Hace unos meses, algunos lectores y escritores en Facebook discutimos —en la medida que esa plataforma lo hace posible— el poco interés de los escritores latinoamericanos, sobre todo mexicanos, por estos temas tan urgentes. No hay un corpus en México, argüía uno de ellos, con una postura crítica sobre la debacle ecológica y climática que se nos avecina. Aunque su comentario es acertado, respondí que el problema tal vez sea no de creación sino de lectura; es decir, en lugar de culpar al escritor, hay que compartir la responsabilidad: no legar en una sola persona el compromiso, sino también convertirnos en lectores comprometidos.
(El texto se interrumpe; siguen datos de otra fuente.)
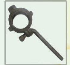
Adjustable Nut 调节螺母 A026 0.80kg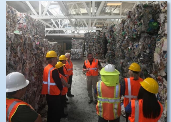
Tour of Material Recovery Facility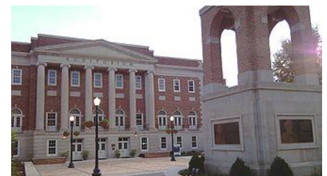
Foster Auditorium & Malone Hood Plaza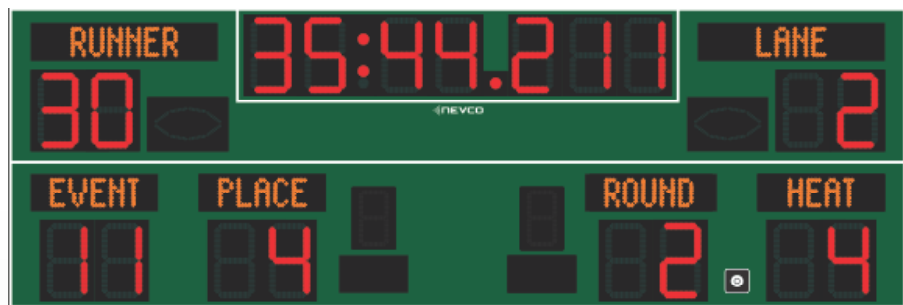
*Shown with Finish Lynx Interface

Advanced timing features ideal for combination Track, Football, Baseball, Softball, Soccer, Lacrosse and Field Hockey facilities.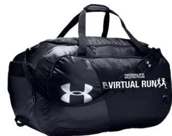
Under Armour Gym Bag (Limited Units Only)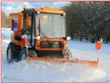
...a snow plough...

Tenemos mucho material: la literatura latinoamericana puede interpretarse como uno de los grandes testimonios de la devastación planetaria acelerada por el capitalismo y la revolución industrial. La explotación estructural tanto de humanos, animales y naturaleza ha sido narrada por nuestros escritores, tal vez no desde una postura abierta y clara, pero sí intuitiva.
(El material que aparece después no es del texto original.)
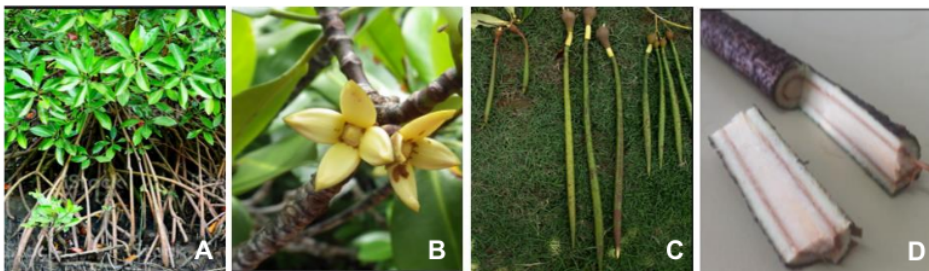
Figure 1. (A) plant mangrove R. mucronata , (B) flower, (C) cigar-shaped propagules (D) longitudinal section of root [24-25].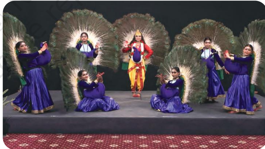
Mayilattam — Peacock Dance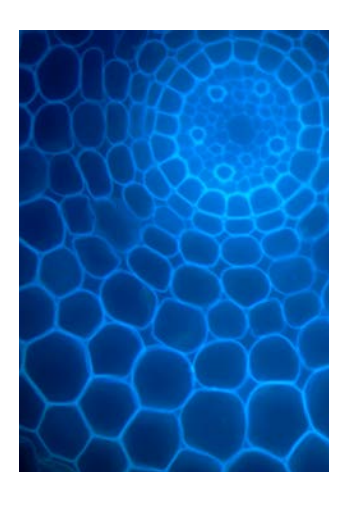
Image on front cover: From Australian Microscopy and Microanalysis Research Facility. Depicts Antarctic 'hair grass' root cross-section, showing the arrangement of cells. These are highly efficient at taking up essential nitrogen nutrients, which means that they are able to out-compete other plants as the temperature in Antarctica rises. Visualised using confocal microscopy by Dr Peta Clode, University of Western Australia.

Size: the larger cells are about 30 micrometres across.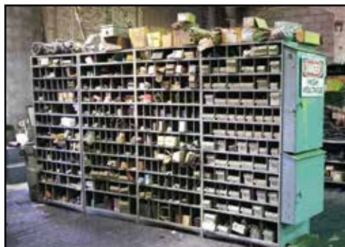
Large Inventory Repair/Shop Parts – Bulbs, Wire, Hardware, Fuses, Valves & More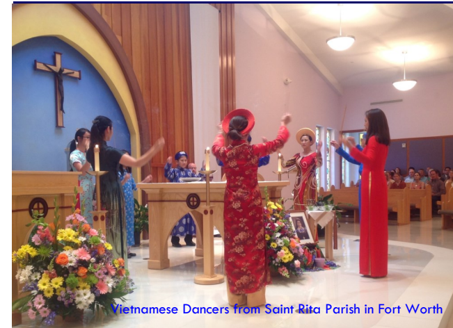
Vietnamese Dancers from Saint Rita Parish in Fort Worth

Recuperar a Rafael Bernal desde esta perspectiva sería maravilloso; leer a Rulfo bajo un lente ecológico que ya no sea el gastado discurso de “genio”, “el más grande novelista de México”, etcétera, puede ayudar a que jóvenes lectores se interesen en la literatura desde otra perspectiva que no sea la institucional y pedagógica; y leer a contemporáneas como Guadalupe Nettel o Daniela Tarazona, en cuyas obras resuenan la ecología y la biología, con conceptos no sólo estilísticos, ayudaría mucho a poner el tema sobre la mesa. A nosotros, lectores irresponsables, nos toca interpretar esas obras para formular un discurso público que ayude a comprender y proponer acciones necesarias para nuestro tiempo. Las obras literarias no sobreviven por medio de patronatos, de homenajes o monumentos, ni mucho menos se limita al mito privado de la lectura del placer; sobreviven en la medida en que el lector compone y critica su realidad en las páginas de libros que en su momento pasaron inadvertidos. El canon es un cadáver; dejemos que los críticos, como moscas, lo asedien. Nosotros leamos libre y responsablemente: Rafael Bernal es un buen comienzo.